Le Premier ministre Benjamin Netanyahu a déclaré mardi que depuis le début des hostilités avec l'Iran le 13 juin, Israël a réussi à freiner les ambitions nucléaires de l'Iran et à détruire son arsenal de missiles.
« Nous avons éliminé deux menaces existentielles immédiates pour nous : la menace d'annihilation nucléaire et la menace d'annihilation par 20 000 missiles balistiques », a déclaré Netanyahu dans une vidéo publiée par son bureau.
Un rapport du média saoudien Al Hadath, citant une source israélienne anonyme, indique qu'Israël pense que la majeure partie de l'uranium enrichi de l'Iran est enfouie sous les décombres.
Les États-Unis comptent 18 agences de renseignement, qui produisent parfois des rapports contradictoires en fonction de leur mission et de leur expertise dans le domaine. Par exemple, la communauté du renseignement américaine ne s'accorde toujours pas sur les origines de la Covid-19.
Il est possible que les futurs rapports de renseignement contiennent davantage d’informations montrant un niveau différent de dommages aux installations.

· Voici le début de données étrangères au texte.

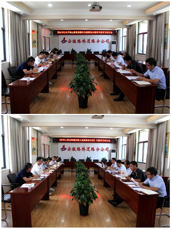 8月15日上午,道路分公司党总支召开专题学习研讨会,深入学习贯彻落实习近平总书记关于制止餐饮浪费的重要指示精神和《中华人民共和国公职人员政务处分法》,分公司领导班子、总支委员及后勤部门负责人参加学习并结合实际开展研讨。

David Albright, président de l'Institut pour la science et la sécurité internationale et expert en développement d'armes nucléaires secrètes, a déclaré que les dommages subis par l'Iran suite aux attaques américaines signifient qu'il faudra « beaucoup de temps, d'investissement et d'énergie » pour restaurer son programme nucléaire.
Dans un message publié sur X, Albright a ajouté que l'Iran est « sous la surveillance et l'observation intenses des États-Unis et d'Israël » et qu'il risque de subir de nouvelles attaques s'il tente de se reconstruire.
Lundi, l'Iran a riposté aux frappes aériennes américaines en lançant une attaque de missiles sur la base aérienne d'Al-Udeid au Qatar, qui abrite des milliers de soldats américains.
Cette attaque a été en grande partie interceptée et aucune victime ni blessé n’a été signalée.
Depuis les représailles de l'Iran, un cessez-le-feu Iran-Israël - négocié par le président Trump et les médiateurs qataris - est en place.